KG: Maybe. I have to tell you, though, the sexism in late night talk is so profound. When you think that Joan Rivers is the first and last woman to do a network late night talk show—I mean, that’s appalling to me. I don’t know if I can win that battle—it’s such a boys’ club.... I’d like to do it in some way, but I gotta tell you, I like the freedom of a show like The D-List, where I can take my time with these celebrities and spend more than six minutes with them on the couch.

PW: Speaking of your D-list status, you have an Emmy—
KG: Two Emmys. I have two Emmys, Rachel.

PW: Sorry, you have two Emmys. You got a reported $2 million for your memoir. You almost won a Grammy. Do you really still consider yourself a D-lister? It all sounds pretty A-list to me.
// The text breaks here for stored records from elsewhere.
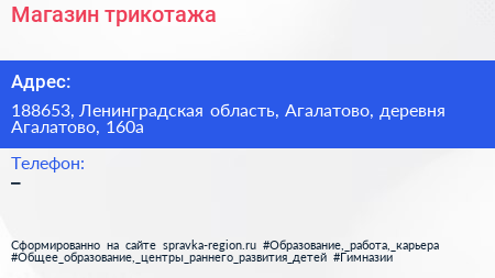Магазин трикотажа по адресу 188653, Ленинградская область, Агалатово, деревня Агалатово, 160а в дальнейшем Организация, размещена в следующих категориях: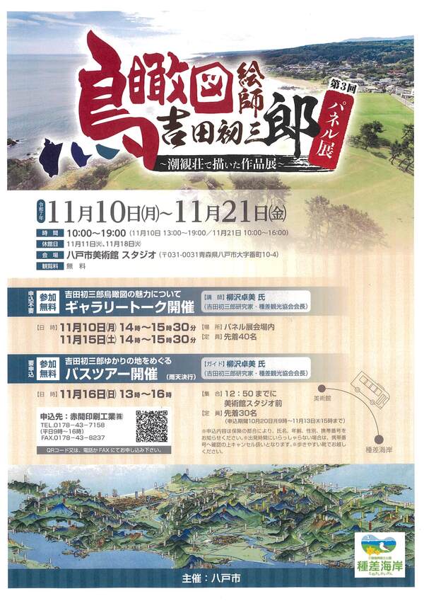 11月10日(月)~21日(金)に「八戸市美術館」の「スタジオ」で、「鳥瞰図絵師 吉田初三郎 第3回パネル展~潮観荘で描いた作品展~」が開催されます。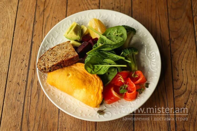 Ніжний омлет із збитих яєць поєднується з кремовим авокадо та ароматним вершковим маслом, приправленим кропом, лимонним соком і легкою ноткою імбиру. Страва доповнена соковитим лососем і гарніром зі свіжих та відварених овочів — броколі, шпинату, буряка та селери. Подається з теплим цільнозерновим хлібом.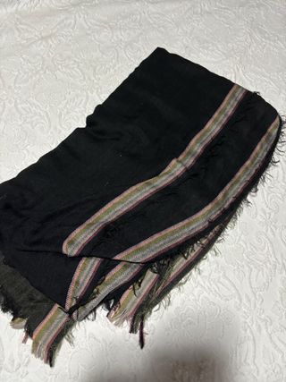 Chal de hilo con un diseño elegante y llamativo. - Base en color negro. - Tiras decorativas en varios tonos.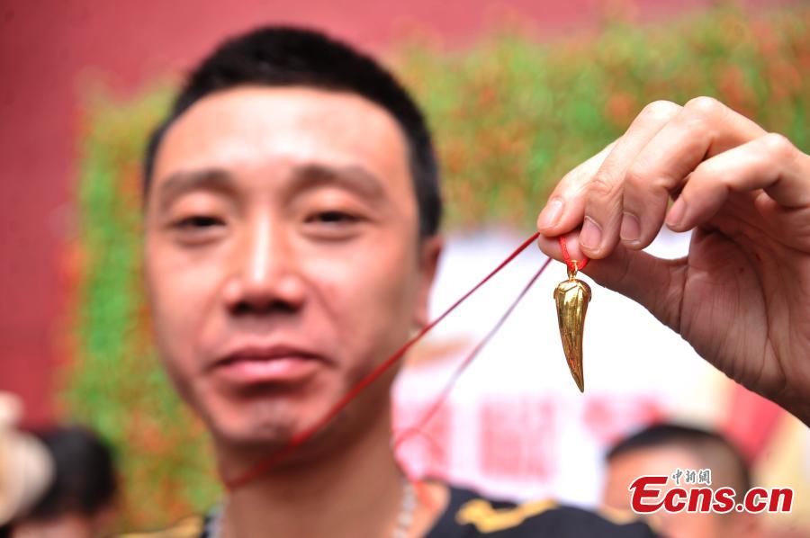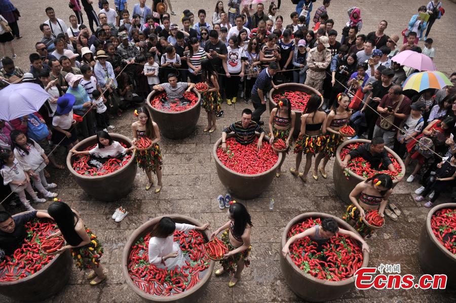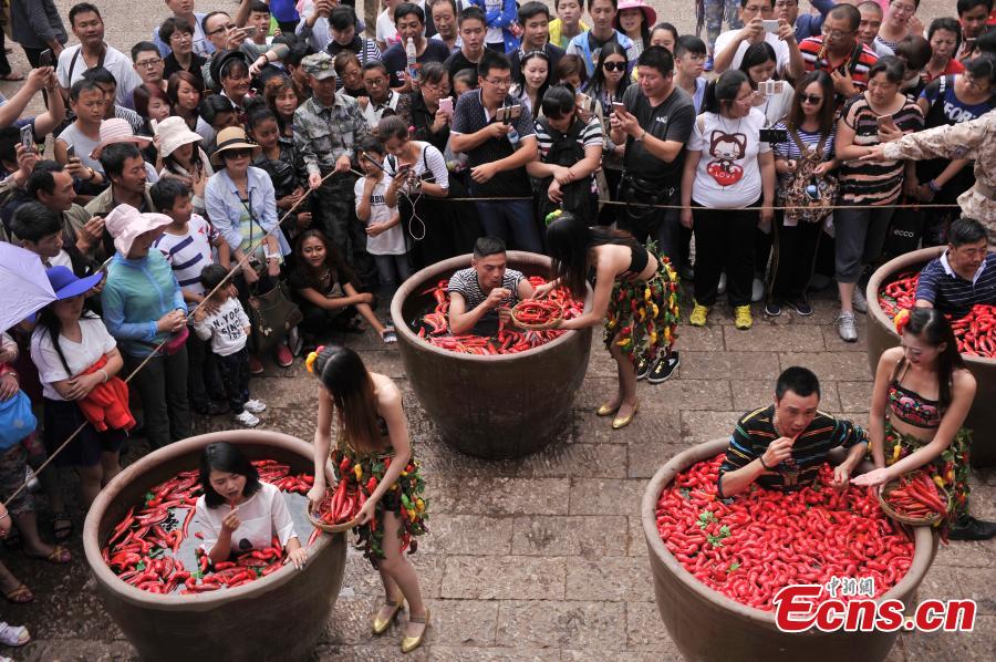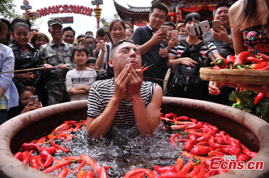 A chili pepper eating competition is being held in Lijiang, Yunnan province on July 2, 2016. Nine contestants who joined the match are asked to eat as many peppers as they can while soaking in a giant tub filled with the hot red chili peppers. The winner was awarded with a 24 karat gold pepper.(Photo: China News Service/Chen Chao)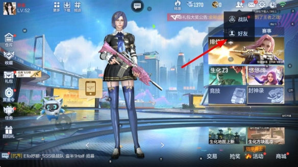 2、點擊后看到左側的導航欄,顯示戰隊和好友分類,選擇好友的選項。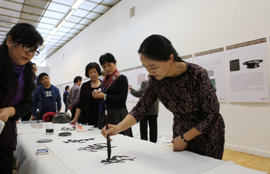 开幕式后各方嘉宾参观了《汉字》和《结晶——中国当代书画名家精品展》,书画家们现场演示创作了书法作品,并与当地友人进行了互动交流。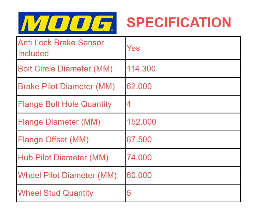 MOOG Rear Right Wheel Hub and Bearing Assembly - 512455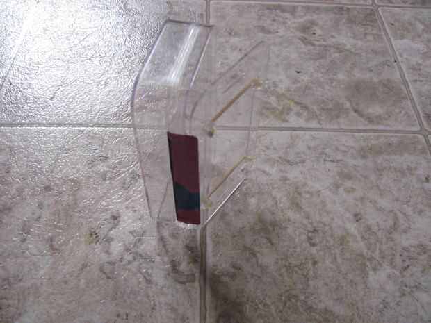 Tomar el soporte y coloque el lado de Ipod hacia abajo en la parte superior de la caja. Hacerlo centrado y entonces hacemos una cinta hing. Aquí utilicé cinta de embalaje transparente pero ou podría utilizar casi cualquier cinta (conducto de cinta, cinta gorila, cinta aislante, etc...). Coloque la cinta en el borde de manera que puede voltear el monte arriba y abajo. Ahora tenemos que hacer un tapón para que el montaje se detiene en 90 grados a la caja. tomar la tarjeta de plástico y cortar una formas de longitud de stip sobre una anchura de centímetro y medio. corte outthe tira y pegar a tlid de la caja con un poco de pegarse para arriba para que el Monte golpear. Esto actuará ahora como un trípode para ti Ipod.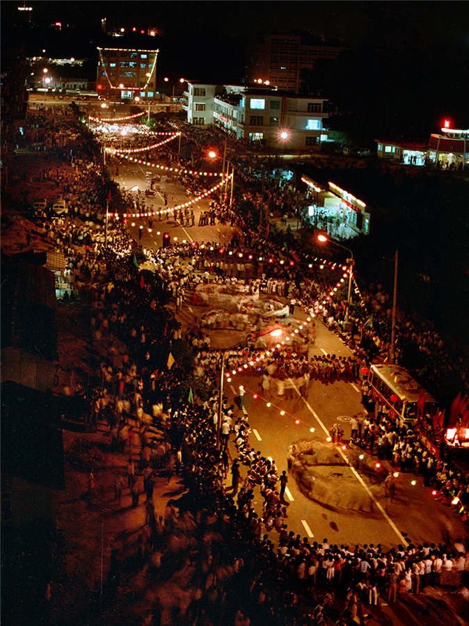 In 1990 an evening gala celebrating the 10th anniversary of the establishment of the Shenzhen Special Economic Zone took place on the newly built Hongli Road. It is said that 100,000 people danced on the road that night. [Photo by Zhou Shunbin/cpanet.org.cn]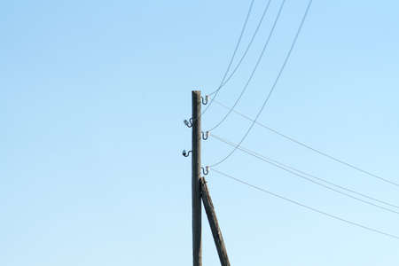 Old pole with wires against the sky. Electric transmission line, Eco-friendly energy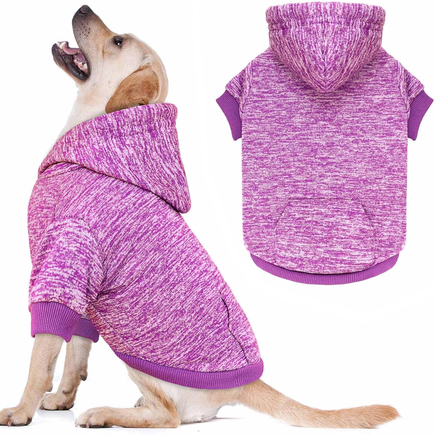 Dog Sweaters for Large Dogs Hoodie Fleece Dog Sweater Soft Clothes Sweatshirt with Pocket Hoodie for Large Dogs(Purple&L)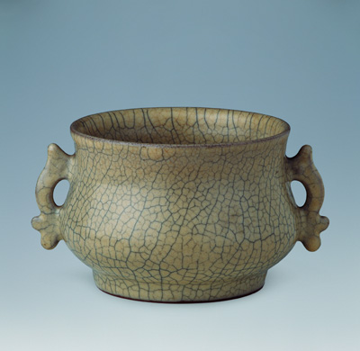 Check out this Southern Song Dynasty (1127-1279) Ge ware, an incense burner with two fish-shaped ears. Copying ancient design, the incense burner has a slightly trumpet-shaped mouth, a bulging belly and a ring foot. Crackle patterns spread across the whole incense burner, providing its distinctive aesthetic.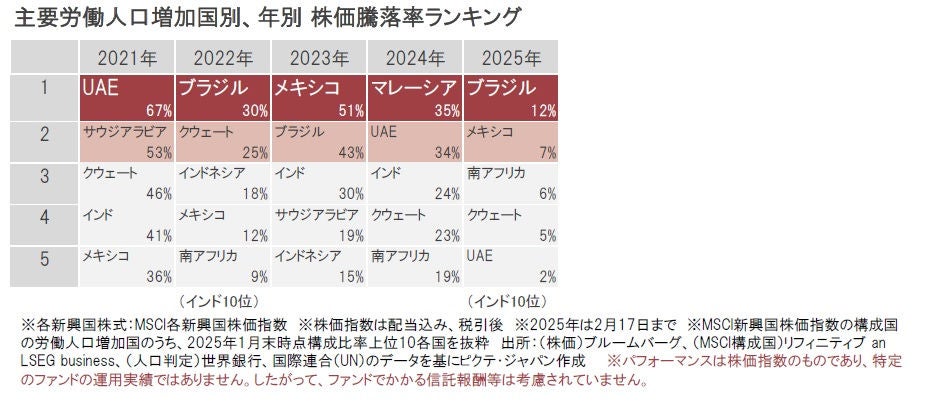 下の図は、新興国の主要労働人口増加国10ヵ国のうち、各年毎の株価騰落率上位5ヵ国を抜粋したものです。

KG: I have what I call A-list moments, but believe me, I’m still on the D-list. Proof of this is something that happened to me last week. I was taping something—I can’t remember what, it was some dog and pony show—and the cameraman kept talking to me about when we had worked together. I didn’t mean to be that person who can’t remember anybody, but I kept saying, “You know, remind me again.” And then I started putting the pieces of the puzzle together and said, “I think you’re mistaking me for Joely Fisher.” And he said, “You’re not Joely Fisher?” I said, “No, no, I’m Kathy Griffin.” So I’m still firmly planted on the D-list, where I belong.